All this talk of quarantine brings me back to sipping Kona coffee with my husband on a Pacific-facing lanai along Hawaii’s Kohala Coast. Lulled by pounding surf and sultry trade winds, Bob suggested we adopt a simple life: quit our jobs, abandon our belongings, and have the pet sitter ship our cats to us.
Such a move would not be unheard of in his family. Uncle Bill, whom we had visited days before in Honolulu, did just that (minus the cats) in the 1960s. A recent college graduate, he sat for a federal civil service exam in western Massachusetts, where ice pellets echoed off the windows of a vaulted auditorium. Those pings prompted him to select the newly admitted 50th state as a desired location.

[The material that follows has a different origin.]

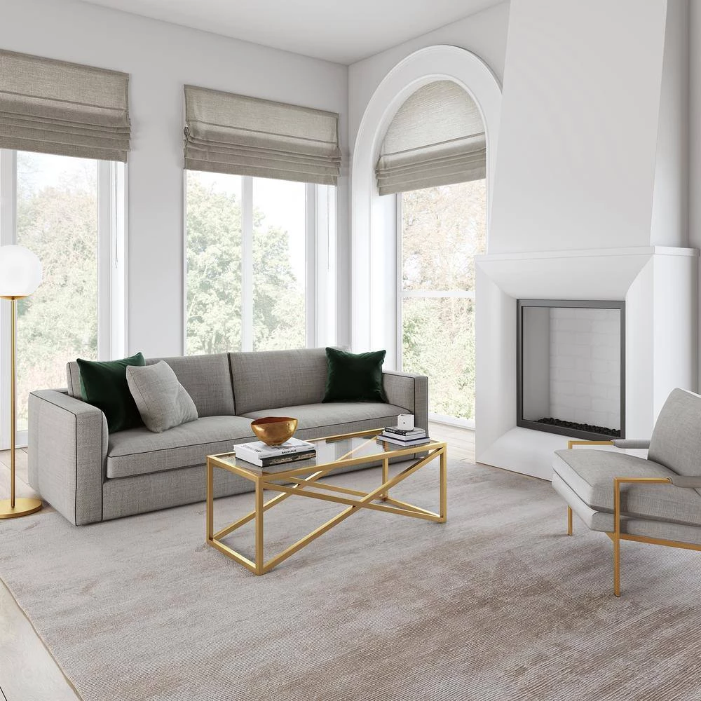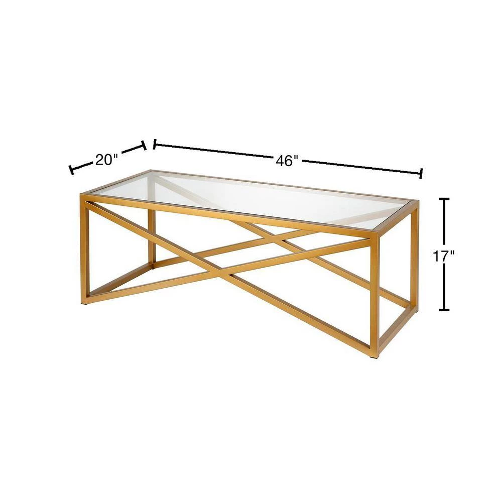 This urban inspired coffee table is the perfect pick for your living room or den ensemble. Its base features x-shaped legs creating geometric interest. The top is a transparent tempered glass which shows off the architectural connection and carries the structured design through the frame.

He moved, met and married Aunt Lydia, and never looked back. He did, however, visit the mainland often.
Among the many considerations Toni Polancy lays out in her book, So You Want to Live in Hawaii, is budgeting for off-island mobility. Island Fever is real, Uncle Bill would say. It’s a form of claustrophobia. Loneliness and isolation, however, are only a couple of the negative aspects of moving to, and living, in Hawaii.
Cost of living is another. Hawaii is expensive—very expensive. According to the Family Support Center at Joint Base Pearl Harbor, it’s at least 35% higher than on the mainland. Despite that, you will live longer—four years longer, statistically speaking. Baked into the state’s cultural luau is a healthy outdoor lifestyle, low incidence of obesity and tobacco use, and high respect for the elderly.
Conversely, those same elderly face expensive housing, high food and medical costs, limited public transportation, and scarce assisted-living options. Yet they enjoy substantial benefits. Pension and Social Security income are exempt from state income taxes, and senior homeowners enjoy ironically low property taxes. On the other hand, many properties are held in trust for Native Hawaiians, so rentals are a good option for retirees.
Many rentals, however, don’t allow pets—if you can even get your pet into the island state. Strict quarantines keep Hawaii rabies-free. Our tabby, Nina, cringed at the mere thought of a quarantine. Her disdain for change includes seething and ignoring us when we return home from a vacation.
“You may want to move to Hawaii,” she glared when Polancy’s book arrived. Nina reminded us that of our three cats, she alone yowled her way through the airport terminal upon her arrival from Louisiana 14 years ago. Like us, she had lost her home in New Orleans to Katrina and then bounced between Houston and Baton Rouge. Having heard that a pet could be subject to a 30- to 120-day confinement, she glowered.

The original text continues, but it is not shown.